The artist and his time
To pretend to understand a work without having a certain knowledge of the artist is, for Joukhadar, a very slippery ground. An art critic who has a good knowledge of the artist and his intentions is certainly one step ahead of a critic who does not have one, assuming he knows how to make good use of it. All too often the artist is given intentions which he does not possess; in reality we then speak of the impressions of the one who views the work, not of the work itself. Obviously, this can be considered a legitimate freedom – so be it – but one must be aware that it is something other than the work in itself. We have the opportunity to know the authors of a large part of the works in the history of art; Chinese works have a well-known seal to identify the artist, and the more one advances in the centuries, the more numerous are documents.

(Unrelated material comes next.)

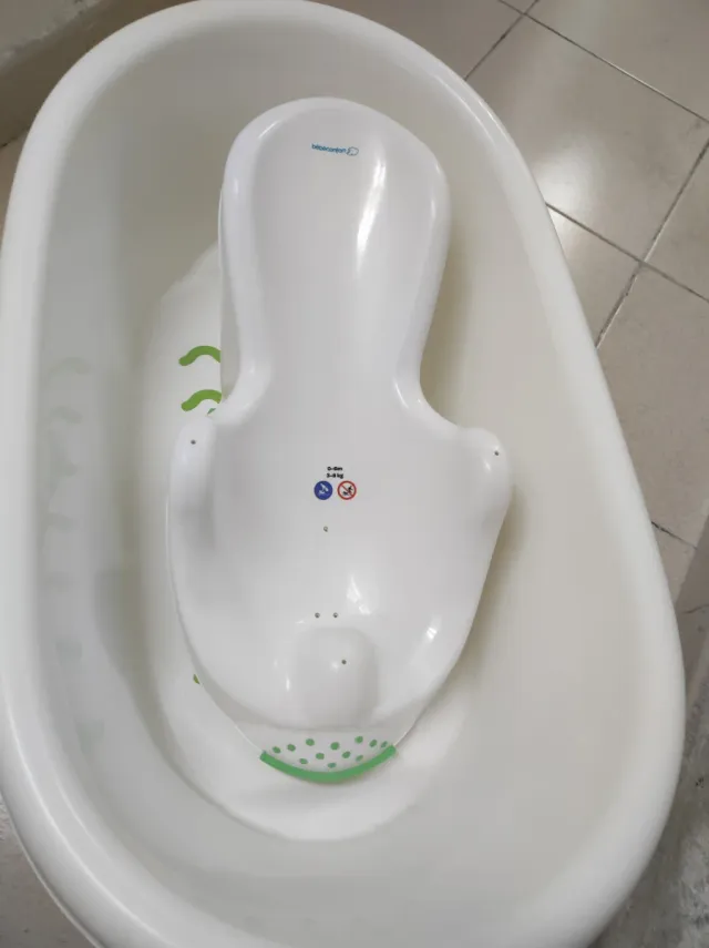 Bañera para bebé con soporte. - Color blanco. - Soporte ergonómico para recién nacidos. - Indicaciones de edad y peso en el soporte.

Similarly, one cannot claim to understand a work without having a certain knowledge of the culture and the codes of its time. A remarkable study by Schwarzenberg shows how out-of-context analysis can distort understanding; he gives as example the famous psychoanalytic interpretation that Freud made of the Virgin and St. Anne of Leonardo, where he thought he detected the representation of an eagle as a sexual symbol linked to a childhood memory of Leonardo. In his subconscious, Leonardo would have represented his biological mother and his adoptive mother. In reality, it is easy to demonstrate that during the same period, many artists reproduced symbols in their paintings, yet they did not all have Leonard’s experience. For Joukhadar, this approach is truly extremely farfetched.
What about the paintings of Jerome Bosch, which are almost impossible to decipher without knowledge of the proverbs and adages of the time?
Let us take as an example the famous Virgin of the Annunciation of Antonello da Messina, with the hand of the Virgin in front, seen foreshortened. This foreshortening, for the time, was fascinating; today it hardly attracts our attention. An artist, even an amateur, understands the difficulty in rendering such a foreshortening. It is important to know that this challenge of foreshortening was an obsession of some of the great painters of this time, for example Mantegna (the Dead Christ), but also Leonardo da Vinci, who was enthralled by Antonello da Messina, the only artist in Italy who knew the secret of the Flemish painters, painting in oil. Leonardo painted the same foreshortened hand in the Virgin of the Rocks.
The pitfall of the contemporary taste for novelty
In his conversations about art, Joukhadar has also often revolted against the effects of fashion, which can overnight bring certain artists, hitherto despised, to the skies, while giving others, hitherto appreciated, the cold shoulder. We have seen works reach a prohibitive price overnight.
In reality, Europe cultivates the attraction of novelty, as a flight forward, and a contempt for what has just preceded, and this from the Quattrocento. The Chinese, for their part, have painted the same paintings for several millennia and are not weary. This constant need for renewal translates into peaks of excess, a passionate mechanism that ultimately generates a reaction / counter-reaction dynamic in time. At the beginning of abstract art, the figurative was considered a heresy, then hyperrealism appeared. We may also point out that the nineteenth-century academy rejected Impressionism; as a result, Italian museums were very poor in this area at the end of the 19th and early 20th centuries. For several decades, the Italians have now been buying everything, passing from one extreme to the other.
For Joukhadar, one of the causes of this insatiability is the need to express a personal point of view. It is true that in its beginnings, art was intrinsically linked to the Absolute. Until the beginning of the Quattrocento, civilization was established on a true tradition, with a profound knowledge of the Absolute and of the sacred, and not the sacred as something exotic. In the Renaissance, art became local, temporal and therefore subjective. The same goes for classical music which has taken a turn causing people to get tired of it and simply abandon it. When innovation becomes the first criterion, this leads to what we see on the pictorial plane.
Joukhadar notes that Asian art, for the most part, has not engaged in this vicious circle, which deviates towards the material, the temporal, the present. He cites for us the example of authentic Chinese art, where the pictorial elements and the subjects are not really temporal. They are human and representative of a state of soul, of a sensibility, of a poetry that is not bound to one decennium or to two. In contrast, Western art, after the Renaissance, became in general “easily identifiable”: a specialist can, at a first glance, situate a work of art in a bracket of two or three decades, by means of certain temporal and local elements. This is the general direction of Western art which is obviously not totally local, temporal or linked to an event. The non-temporal and universal part certainly exists, to different degrees according to the times, although it is practically lost today.